MoonMath is basically arguing you can have most of the speed without building a giant pile of hand-written GCN assembly. Their kernel is “non-assembly” in the sense that it’s HIP, but with a twist: tiny one-instruction inline-assembly wrappers so they can pick exact opcodes while still letting the compiler do register allocation. That’s a very specific bet. It says: we don’t need to micromanage everything, we just need to control the few points where the compiler might choose the wrong instruction.
I like that bet, and I also don’t fully trust it yet.
The performance claims are bold: faster than AITER v3 across an 8K–128K token sweep, with geomean speedups around 1.08×–1.18× depending on rounding mode, and up to 1.26× peak. They also claim bigger gains versus a modular baseline. Numbers like that aren’t “nice to have.” In attention workloads, that’s the difference between “we can serve this model” and “we can’t afford to.”
But the real argument isn’t the exact multiplier. It’s the maintenance argument. MoonMath is saying: we can keep performance high while lowering long-term burden. That’s a big deal because the dirty secret of high-performance kernels isn’t writing them once—it’s keeping them correct and fast across compiler versions, driver updates, and the constant churn of model shapes.
If you’ve ever been on a team that depends on a performance-critical kernel, you know the feeling. The model changes slightly. Sequence lengths shift.
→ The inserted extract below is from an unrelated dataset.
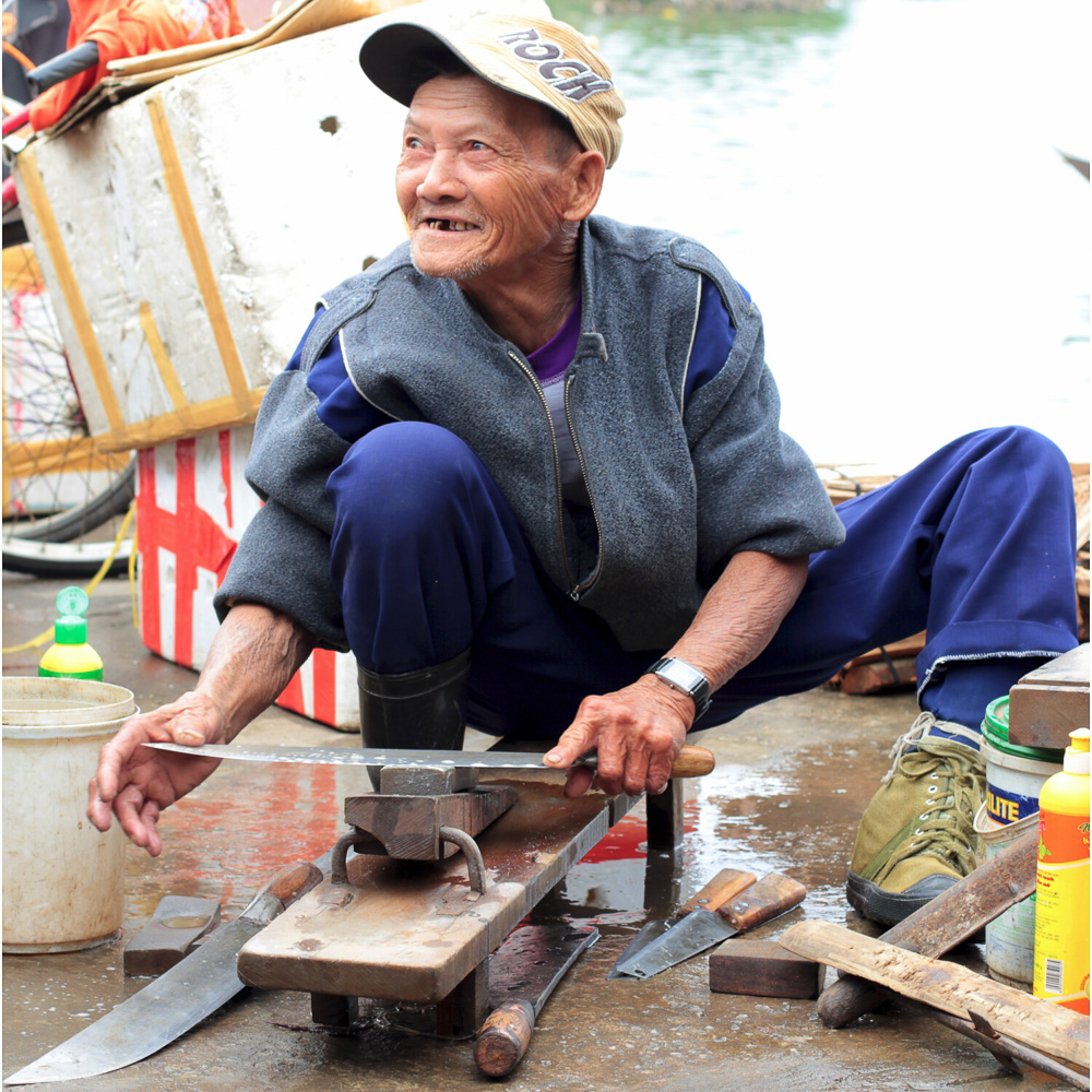 Repasseur sur le marche de Hoi An

Suddenly the “fast path” isn’t the fast path. Or it is, but it’s wrong in one corner case. Now you’re burning weeks chasing a regression that only shows up in production loads. Assembly makes that worse because there are fewer tools, fewer eyes, and fewer people willing to touch it.
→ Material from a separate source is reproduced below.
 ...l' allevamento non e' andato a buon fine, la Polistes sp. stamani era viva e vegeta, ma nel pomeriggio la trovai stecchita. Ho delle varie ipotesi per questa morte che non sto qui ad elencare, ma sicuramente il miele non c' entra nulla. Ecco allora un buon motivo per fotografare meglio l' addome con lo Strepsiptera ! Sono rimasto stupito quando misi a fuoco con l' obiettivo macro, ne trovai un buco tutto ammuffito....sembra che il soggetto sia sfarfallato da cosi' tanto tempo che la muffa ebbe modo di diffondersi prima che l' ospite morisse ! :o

MoonMath’s post also gives a pretty grounded explanation of where the speed comes from: scheduling and memory placement. Not one magic trick. Eight waves split into two groups, barriers per iteration, overlapping matrix-core work with softmax and prefetch. Keeping K in LDS, keeping V hot in L1, keeping Q and accumulators in registers. That’s the kind of stuff that decides whether your expensive GPU is actually doing math or just waiting.
And that’s where the stakes get real.
Imagine you’re a company that wants to move inference off NVIDIA because pricing or supply is killing you. You buy MI300X boxes. The hardware is strong. But the software stack is the make-or-break layer. If the best kernels are locked up in fragile assembly and only improve when the vendor prioritizes them, you’re stuck waiting. Open, high-performance kernels change the balance. They give teams an escape hatch: you can profile, patch, and ship improvements without begging for roadmap attention.
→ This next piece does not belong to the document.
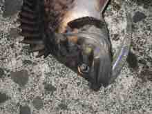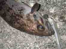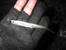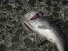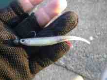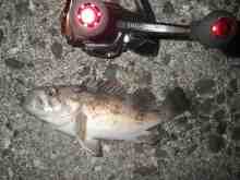 で明るいうちはベイトフィネスでアブちゃんでも狙おうと(和田さん曰く「アブラコはまだ水温低くてつれないよ」)デビルホッグでボトムを探りますが・・・ショートバイトばかりでフッキングはしてくれない。おまけにデビルホッグにつきものの「アーム食い千切り」もないと、こりゃホントに和田さんの言うとおりまだアブちゃん釣るには早いのかなと。

That’s good for AMD too, even if it stings. Because the competition isn’t “does AMD have fast chips.” It’s “can real teams get real performance without a priesthood.”
Now, the pushback: vendor kernels aren’t always losing because vendor engineers are worse. Sometimes they’re solving a different problem. They might be optimizing for broader coverage, safer numerical behavior, fewer sharp edges across drivers, or stability under weird workloads. A community kernel can pick a narrower target—MI300X, specific shapes, specific choices—and win benchmarks. That’s not cheating, but it’s a different game.
And the “no visible quality regression” claim in SGLang diffusion—cool, but also squishy. “Visible” depends on who’s looking, what they’re comparing, and how hard they try to find artifacts. It matters because attention kernels touch numerics, and rounding modes exist for a reason. A speed win that quietly changes outputs in rare cases is the kind of bug that doesn’t show up in a demo but does show up when a customer complains.
Still, I’m glad this is happening in public. If MoonMath’s kernel really beats AITER v3 across shapes and rounding modes, that’s a signal: the bottleneck isn’t hardware, it’s iteration speed and openness. And if it doesn’t hold up under independent testing, that’s still useful, because it forces clearer benchmarks and better baselines.
The bigger question is what AMD does next: do they treat this as a threat to control, or as proof that their ecosystem can move faster when outsiders can compete on performance without writing a thousand lines of brittle assembly?
If open kernels like this keep winning, does AMD lean into a more community-driven “best code wins” stack, or do they double down on vendor-owned kernels and hope that’s enough to keep developers loyal?